↓

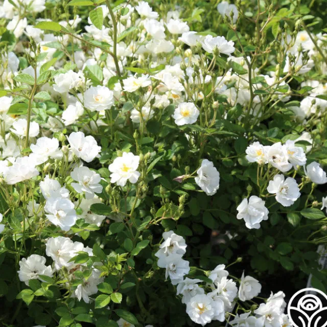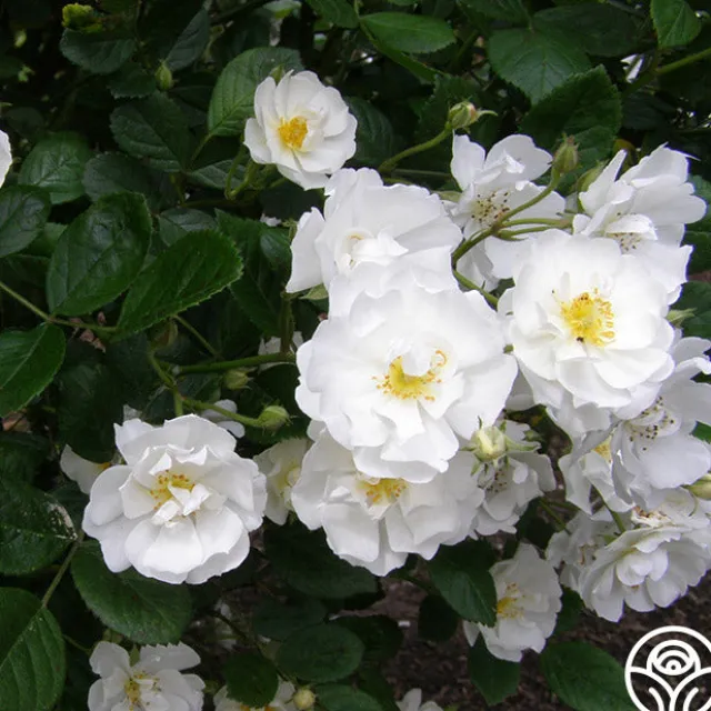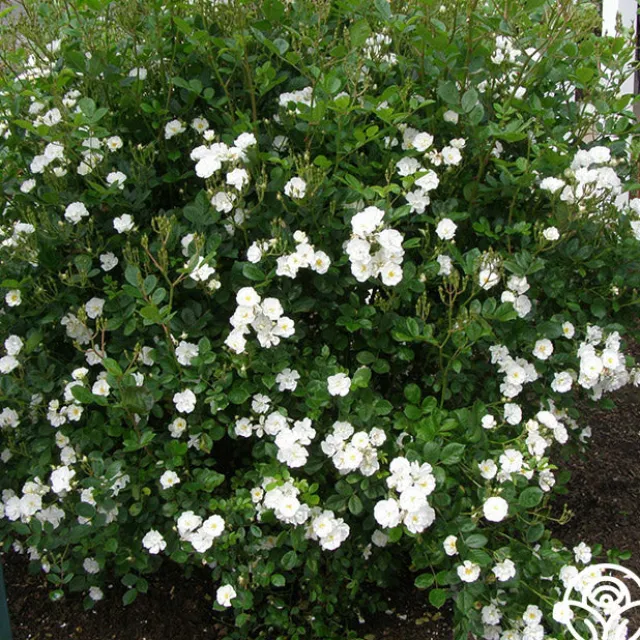 This rose is in memory of a young lady who stood up for her faith in God and lost her life at Columbine High. Cassie is covered with semi-double, 1 ½” blooms of pure white borne in large clusters. Her mild, honey perfume can be enjoyed from spring until fall and her shiny, medium green foliage provides the perfect backdrop for her continuous snowstorm of blooms. Cassie won the American Rose Society’s trial ground Silver Medal.
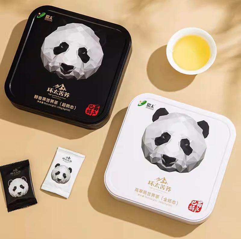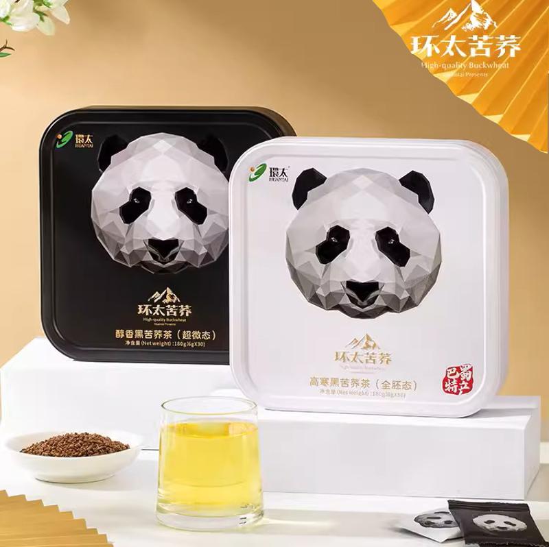 环太苦荞黑白熊猫大凉山黑苦荞茶礼盒铁盒180g*2
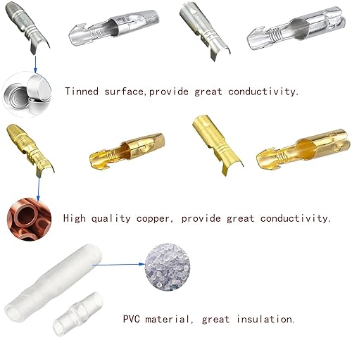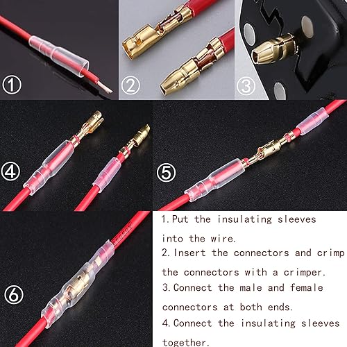 Connettori a Proiettile Kit, 360PCS 3,9mm Bullet Oro Ottone Terminali Filo Maschio e Femmina Bullet Connector Terminali a Crimpare Doppi con Coperchio Isolante per Moto Auto Strumenti elettrici

↑

▶ _What you are asked to do_: Print the listing verbatim; no pictures.

▶ _Response below_:
 This rose is in memory of a young lady who stood up for her faith in God and lost her life at Columbine High. Cassie is covered with semi-double, 1 ½” blooms of pure white borne in large clusters. Her mild, honey perfume can be enjoyed from spring until fall and her shiny, medium green foliage provides the perfect backdrop for her continuous snowstorm of blooms. Cassie won the American Rose Society’s trial ground Silver Medal.
 环太苦荞黑白熊猫大凉山黑苦荞茶礼盒铁盒180g*2
 Connettori a Proiettile Kit, 360PCS 3,9mm Bullet Oro Ottone Terminali Filo Maschio e Femmina Bullet Connector Terminali a Crimpare Doppi con Coperchio Isolante per Moto Auto Strumenti elettrici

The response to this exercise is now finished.